Western blot was run on a 10-20% gradient acrylamide gel. Samples were loaded as follows from left to right: (1) 50ng of Human recombinant AKT1 protein (tagged) Cat# ab62279, (2) 25µg of non-induced NIH3T3 cell extract and (3) 25µg of PDGF induced NIH3T3 cell extract. Membrane Blocking was carried out with 5% Milk+50mM Tris+0.05% Tween-20 pH 7.4, primary antibodies (A) Total AKT1 and (B) pSer473, were incubated overnight in 5% BSA+50mM+0.05% Tween-20 pH 7.4 and secondary antibodies were incubated for 2 hours in 5% Milk+50mM Tris+0.05% Tween-20 pH 7.4.

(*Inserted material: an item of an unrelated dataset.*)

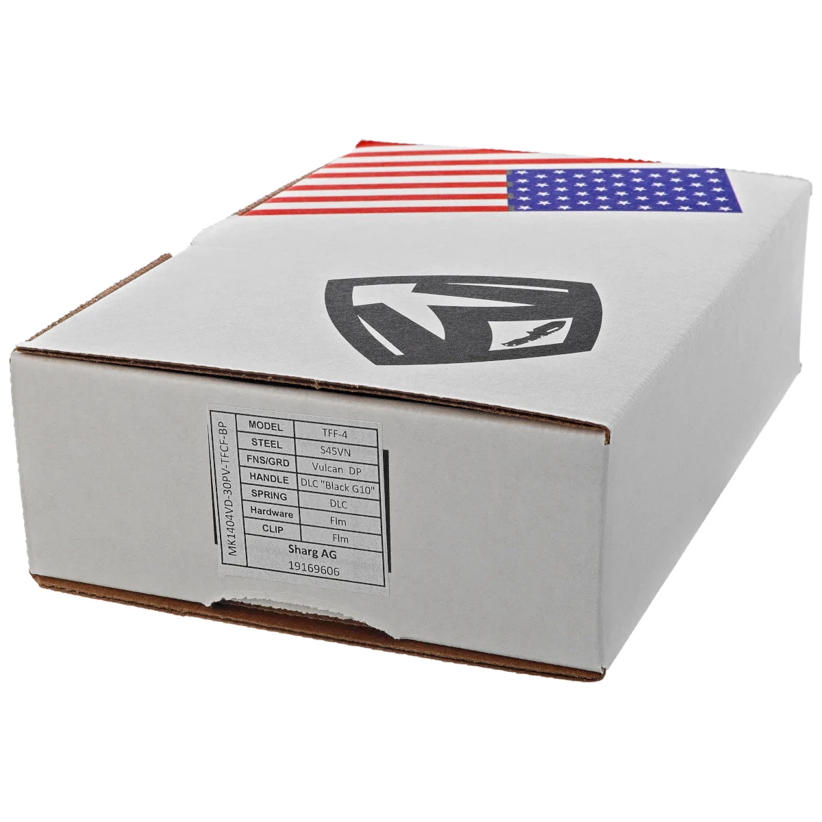 - TFF-4 Drop Point Black Titanium/Black G10, Flm HW, Blue Clip, Vulcan taktyczny nóż klasy premium autorstwa Grega Medforda. Głownia ze stali S45VN, rękojeść z tytanu i kompozytu G10. Niezawodne narzędzie EDC do ekstremalnych zadań.

ICC was carried out on NIH3T3 cells treated with PDGF (Left) or vehicle (right) using this kit. Labeling was carried out with a polyclonal antibody GAR-594 (Akt-1 pSer473) and GAM-488 (Akt-1 total). The PDGF induced cells (left) show a significant induction of Akt phosphorylation at residue S473 in comparison to the non-induced control (right).

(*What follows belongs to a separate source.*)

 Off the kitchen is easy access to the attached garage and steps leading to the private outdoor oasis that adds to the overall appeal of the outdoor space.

ICE was carried out on MCF7 cells seeded at 25,000 cells per well (top) and NIH3T3 cells seeded at 150,000 cells per well (bottom) treated for 30 min with appropriate compounds after overnight serum starvation. Signal is shown as a 60 minutes kinetic readout after normalization with janus green. Insulin treatment increases specific phosphorylation by 25 fold in MCF7 cells, whereas PDGF treatment increases specific phosphorylation of AKT by 50 fold in NIH3T3 cells.

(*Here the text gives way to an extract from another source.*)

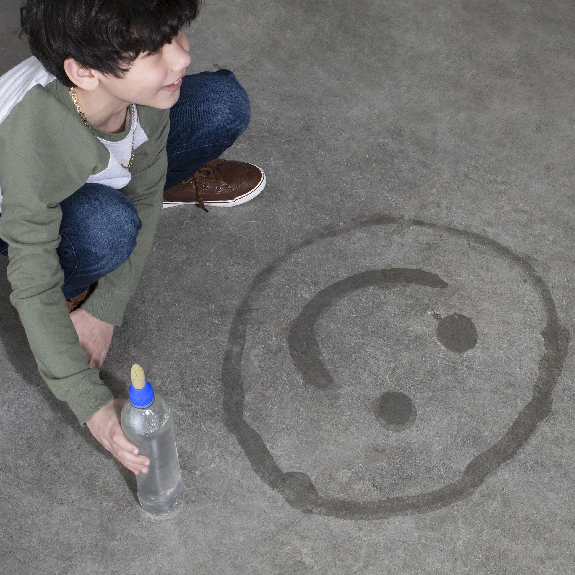 Een milieuvriendelijke manier om op de stoep of op muren te schilderen! Kan op elk formaat water- of frisdrankfles worden geschroefd. Vul de fles met water, schroef de kwast erop en maak de mooiste tekeningen!

Cells were seeded the day before at the specified cell densities, allowed to adhere and exposed to serum starvation overnight. The next day, cells were treated with 50nM of Insulin for 30 minutes at 37°C. The signal was obtained using this kit as described. Total Akt1 with Ex/Em=360/450nm (LEFT) and Akt1 pSer473 with Ex/Em=555/595nm (RIGHT) are shown as raw signal after background subtraction (no primary antibody on wells seeded at corresponding density).